Протянув руку, Миха дотрагивается до ее талии. Мина поворачивается к нему, обнимает. Плачет. Между ними маленькое препятствие, их гордость – будущий малыш. Миха утыкается в Минину шею.
«Герр Лехнер!
Я обдумал Вашу просьбу и, в свете ваших заверений, готов предложить свое содействие.
– Думаю, если вы напишете для меня текст, я смогу его скопировать.
Минину подружку просьба Михи удивила. Предложив ему сигарету, она тянется за пепельницей на соседнем столике.
– И все-таки, кто он, кому вы пишете?
– Андрей? Это мой друг.
– Вы белорусского не знаете? И русского тоже?
– Нет.
– И у вас есть друг белорус, который говорит по-немецки?
– Да. Я у него жил.
– Понятно.
Несмотря на ее улыбку, Миха по-прежнему нервничает.
– Хотите кофе? Булочку?
– Кофе с удовольствием.
Он кладет перед ней письмо и направляется к стойке сделать заказ. Вернувшись, он видит, что она уже не улыбается.
– Вы собираетесь рассказать своему другу, что ваш дед был фашистом и воевал в его стране?
– Да.
– Погибло свыше полутора миллиона человек, вы в курсе? Два миллиона.
– Да.
Миха кивает, хоть он и не знал. Почему я не знал этого?
– В моем роду вырезали целое поколение.
– Фашисты?
– Фашисты.
Она возвращает ему письмо, но он не берет. В голову приходит: она вышла замуж за немца. Поразительно.

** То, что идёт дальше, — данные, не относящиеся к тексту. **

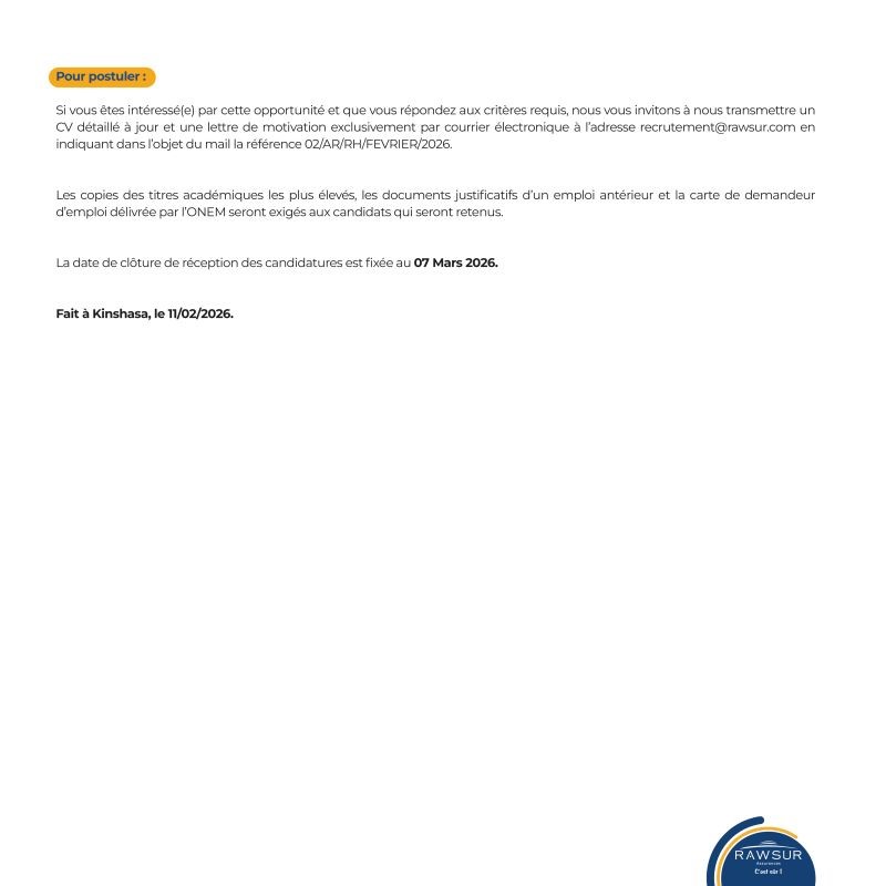 | l’adresse email pour postuler | recrutement@rawsur.com |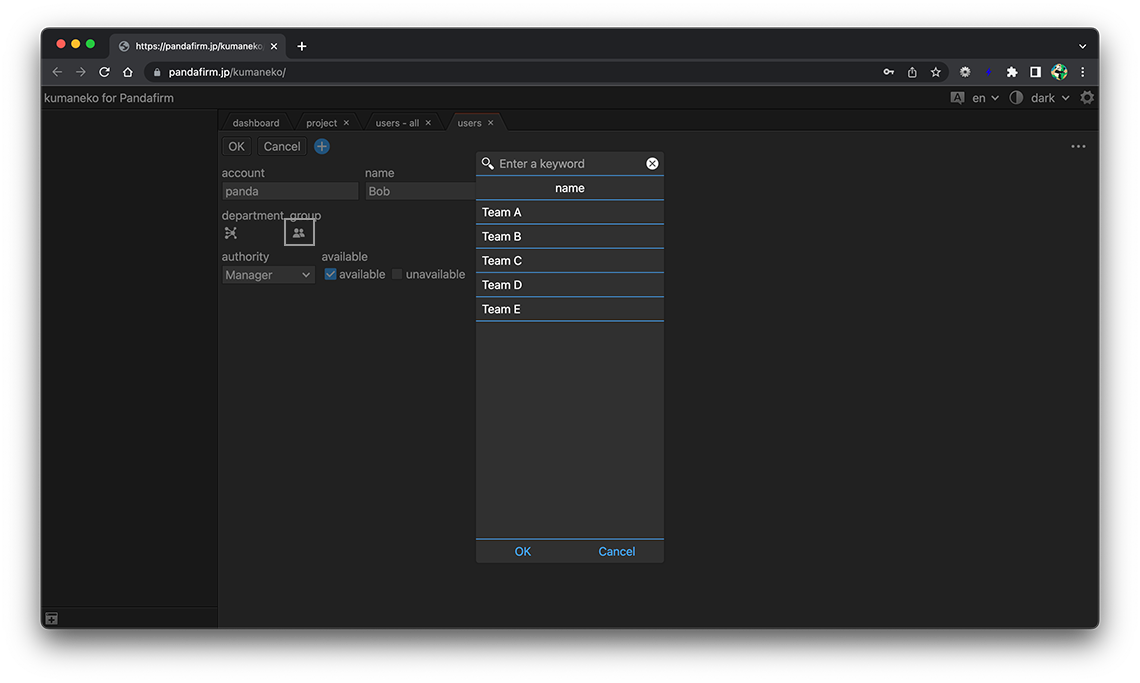 A group is a collection for classifying users by job title, role, etc. in addition to departments. Feel free to add it by following the steps below.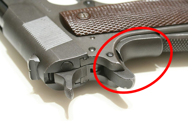 Кольт М1911 — один из самых известных пистолетов. Это оружие является таким же долгожителем, как и не менее знаменитые автоматы Калашникова. Однако, несмотря на то что многие имеют представление о внешнем виде этого пистолета, Кольт все-таки способен удивить своими интересными конструкторскими решениями. Итак, на повестке дня загадочная кнопка на рукоятке М1911. Возможно вы удивитесь, но эта деталь ни что иное, как предохранитель. Но не привычный нам флажковый (который, к слову, над красненьким кружочком), а автоматический. Такой предохранитель не требует никаких действий от стрелка — это "пассивная" защита от случайных выстрелов, например, в кармане. Проще говоря, автоматический предохранитель в М1911 представляет собой выступающую над поверхностью рукоятки кнопку. Он постоянно находится во включенном состоянии и выключаются только при правильном охвате рукоятки пистолета рукой владельца. Занимательно так же и то, что для "снятия" с предохранителя нужно приложить силу в противополож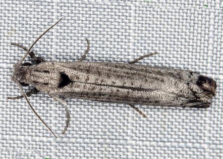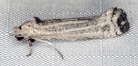 The adult moth of this species has grey forewings, each with arcs of dark speckles, and with dark splodges near the wingtip and the tornus. There is an erectable set of scales just behind the thorax. The wingspan is about 2 cms.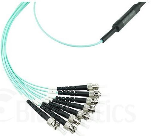 Optimale Glasfaserverbindungen BlueOptics Multifiber-Termination-Push-On (MPO) Breakout Kabel von CBO, mit 1x MPO/UPC auf 4x ST/PC Duplex Anschluss, LSZH (Low Smoke Zero Halogen) Mantel, mit 8 Kernen (Fasertyp ...

– Вы вышли замуж за немца.
– Да.
И умолкла. А с чего она обязана передо мной отчитываться? Она перечитывает письмо.
– Надеюсь, у вас понимающий друг.
– Мне нужно немного рассказать ему об Иосифе Колеснике. Местечко это маленькое. Он все равно узнает, что я с ним беседовал, так пусть лучше узнает от меня.
– Хорошо. Как скажете.
Некоторое время она пишет, потом останавливается.
– Вы хорошо его знаете?
– Нет.
– О семье его знаете?
– Нет, но он в курсе, что я немец. Он принимал меня очень радушно. И его мать тоже.
Она пожимает плечами и вновь принимается писать. Миха чувствует себя неловко, теперь он начинает сомневаться.
– В общем, можете послать его прямо так, но если передумаете, вычеркните этот кусок.
Она обводит пять предложений.
– Это о вашем дедушке. Дело, конечно, ваше, но письмо без них смысла не утратит.
Миха опоздал. Он пришел на вокзал с огромным запасом времени, но сначала одну электричку отменили, затем – вторую.
На платформе, коротая время, шепотом беседуют люди. Миха думает об отце – тот всегда приходит заранее и теперь будет его ждать. А еще думает: «Почему сегодня? Почему поезда не ходят сегодня?»
– Прости. Заседание затянулось.
Отец пожимает плечами, угощает его кофе. Они стоят у киоска, а вокруг жители пригородов разворачивают кульки со снедью. Миха не собирался лгать. Нужно было сказать ему про электрички, но как-то само собой вырвалось. Эдакая бесцельная ложь – легкомысленная, бездумная.
Он думает, я нарочно опоздал, чтобы его обидеть.
Получается, Миха обидел отца, еще и рта не успев раскрыть.
– Я не стану много говорить, Михаэль. Буду краток.
Оглядывает вокзальную толпу.
– Мой отец был солдатом. Он погиб под Сталинградом, и я никогда его не видел, но знаю, что сражался он против солдат, а не против мирных граждан, и с этой мыслью я могу жить спокойно. Шла война. И эта мысль меня успокаивает. Аскан служил в SS. В Waffen SS, но все равно в SS, и он воевал на востоке. Это кое о чем говорит. Мне. О том, что всегда есть повод сомневаться. О том, что ты прав.
Миха молчит. Сам сказал.
Миха смотрит на отца, как он качает головой. Откашлявшись, фати продолжает.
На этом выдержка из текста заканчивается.